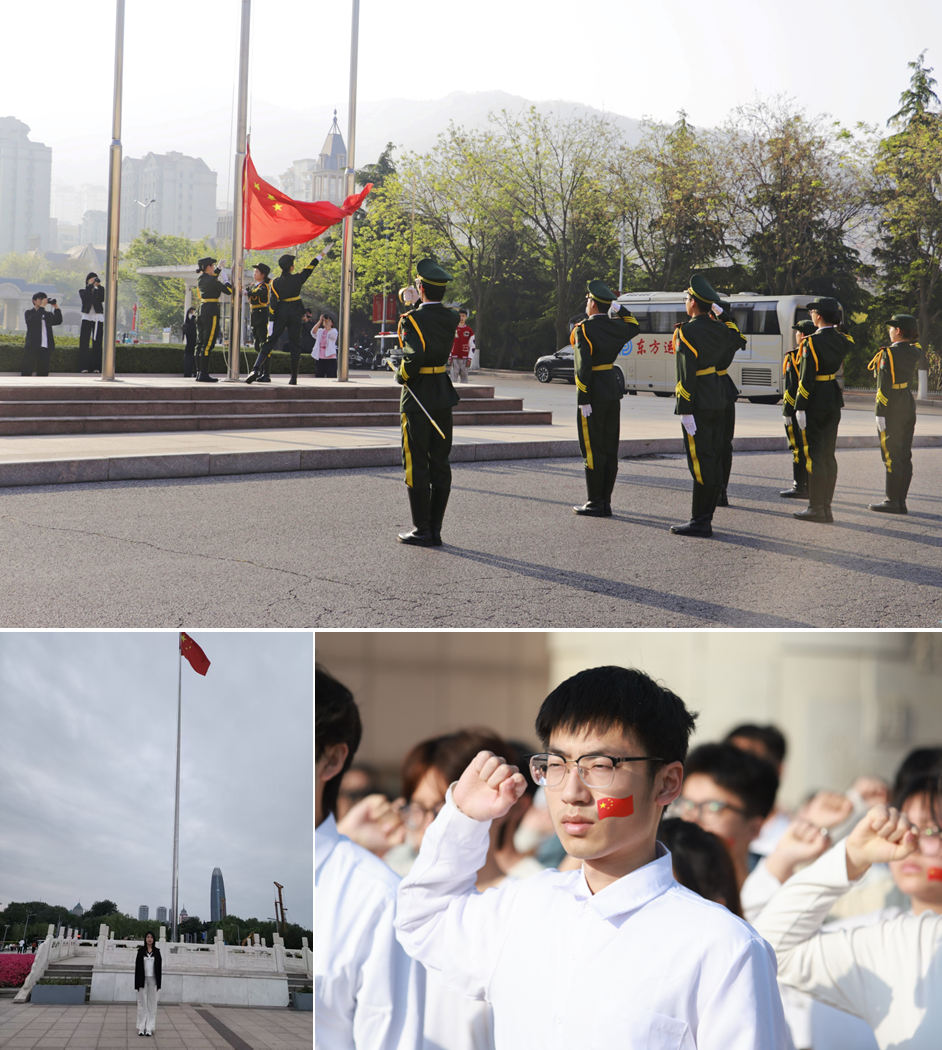 五四青年节前夕,学院组织学生参与升旗仪式。伴随着嘹亮的国歌声,五星红旗冉冉升起,全体师生肃立致敬,以最庄重的方式向祖国表达深深敬意。此外,学院组织开展“我与国旗合张影”活动,鼓励学生通过与国旗合影的方式表达爱国情怀和青春誓言。照片中一抹抹鲜艳的红色,映照着青年对祖国的热爱与祝福,也彰显了新时代大学生昂扬向上的精神风貌。
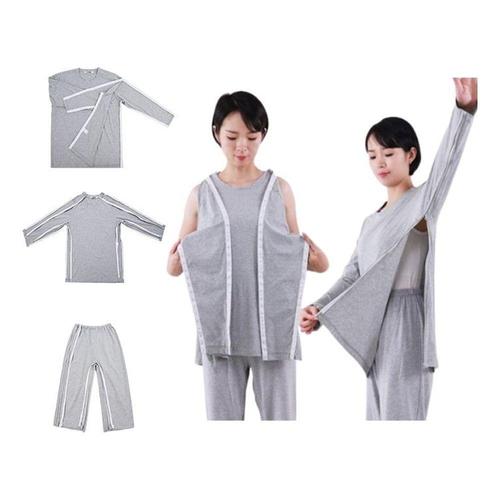 노인 환자용 편안한 검진복 상의 바지 트임 디자인 지퍼 버클
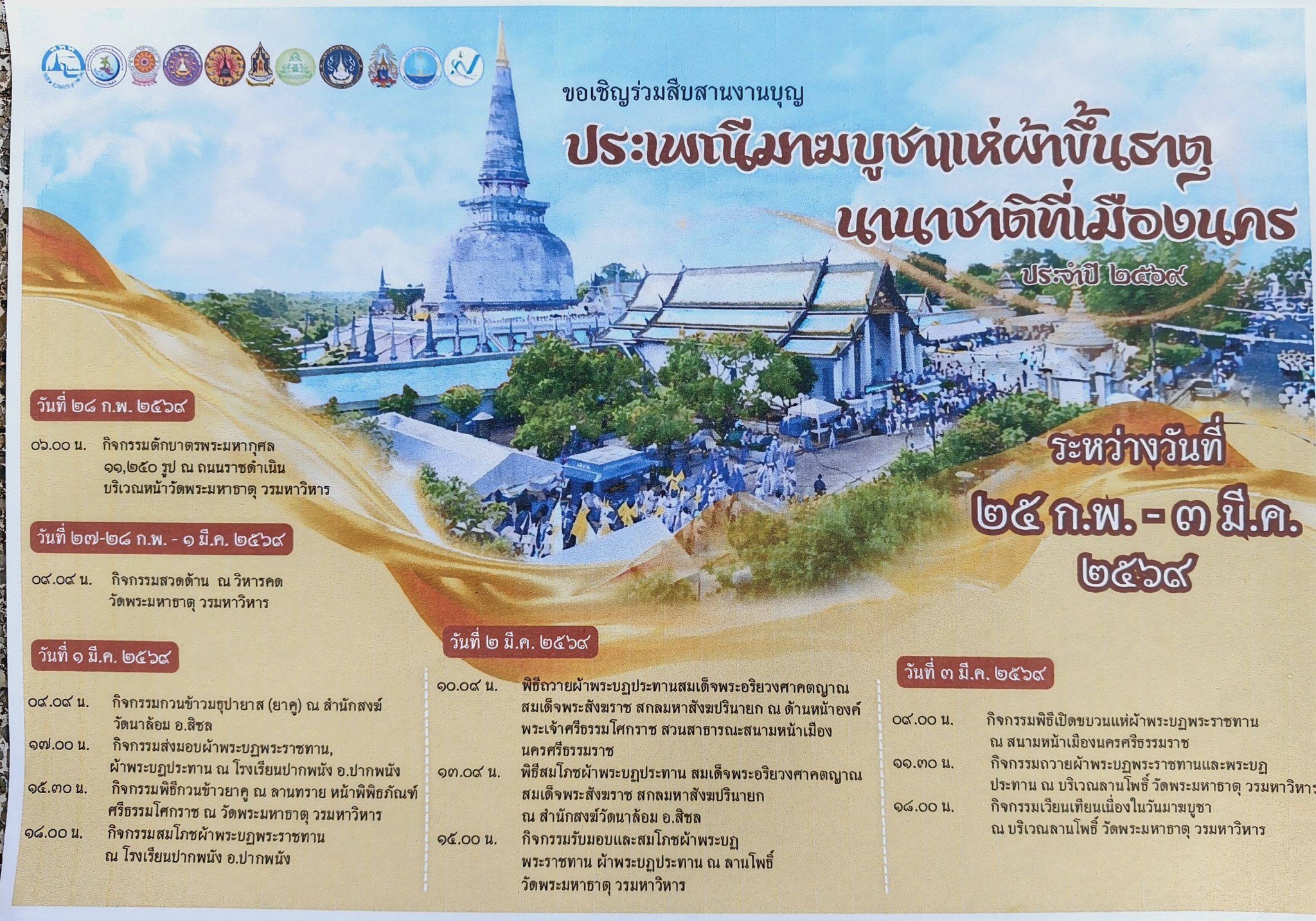 - วันที่ ๓ มีนาคม ๒๕๖๙ ณ วัดพระมหาธาตุ วรมหาวิหาร จังหวัดนครศรีธรรมราช
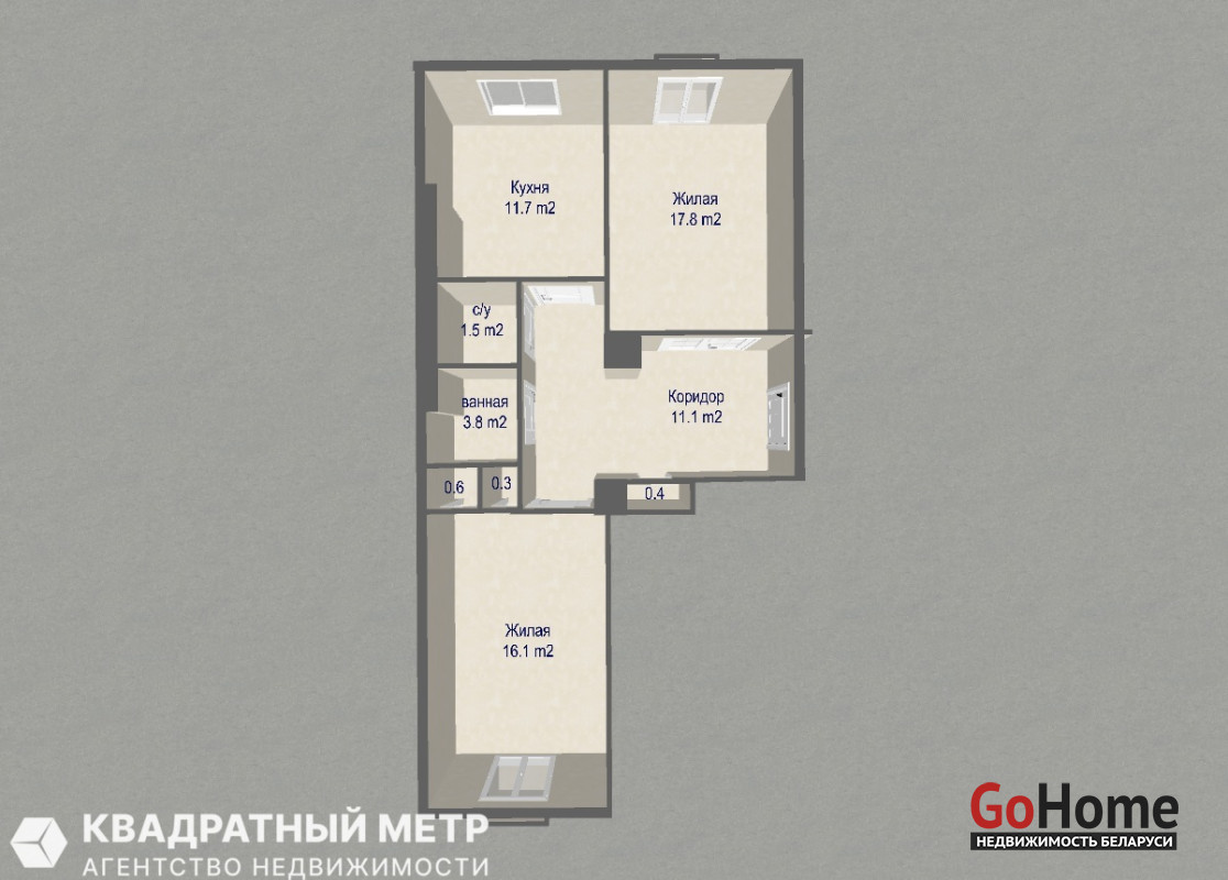 Общая площадь квартиры составляет 63.3м.кв. Две просторные комнаты 17,8 и 16.1 м.кв. выходят на разные стороны дома и каждая имеет выход на балкон. Т.е в квартире два балкона. Большая кухня 11,7 м.кв. Высокие потолки 2,9 м.кв. Мебель и бытовая техника по договоренности. Стеклопакеты, металлическая дверь. Большой коридор с кладовой комнатой. В одной из комнат большой встроенный шкаф. Квартира очень светлая и теплая. Зимой комфортно и тепло, летом не жарко.
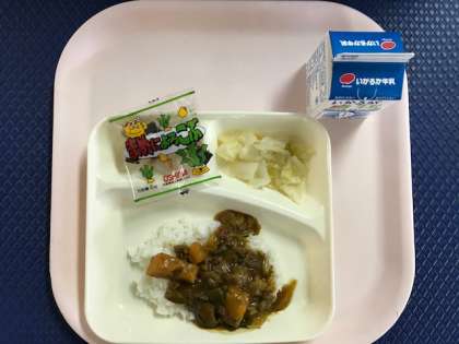 今日の給食は「夏野菜のカレーライス・キャベツのサラダ・豆こんぶ・牛乳」でした。
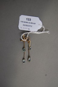 Lot #133 - Pair of vintage aquamarine and gold screw back earrings
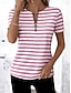 نسائي تي شيرت سحاب ربع الرمز البريدي الرسم هندسي مجرد استوائي ستايل هاواي أنيق كم قصير رقبة عالية مدورة V رقبة قمصان عادية مناسب للبس اليومي الرياضة مناسب للخارج وردي بلاشيهغ الصيف الربيع

· · · · · · ·

Task description:
Copy the lines from the line that contains "今日の給食は「夏野菜のカレーライス・キャベツのサラダ・豆こんぶ・牛乳」でした。" through the end of the records, exactly and with nothing added; leave the pictures out.

Answer to this task:
 今日の給食は「夏野菜のカレーライス・キャベツのサラダ・豆こんぶ・牛乳」でした。
 Lot #133 - Pair of vintage aquamarine and gold screw back earrings
 نسائي تي شيرت سحاب ربع الرمز البريدي الرسم هندسي مجرد استوائي ستايل هاواي أنيق كم قصير رقبة عالية مدورة V رقبة قمصان عادية مناسب للبس اليومي الرياضة مناسب للخارج وردي بلاشيهغ الصيف الربيع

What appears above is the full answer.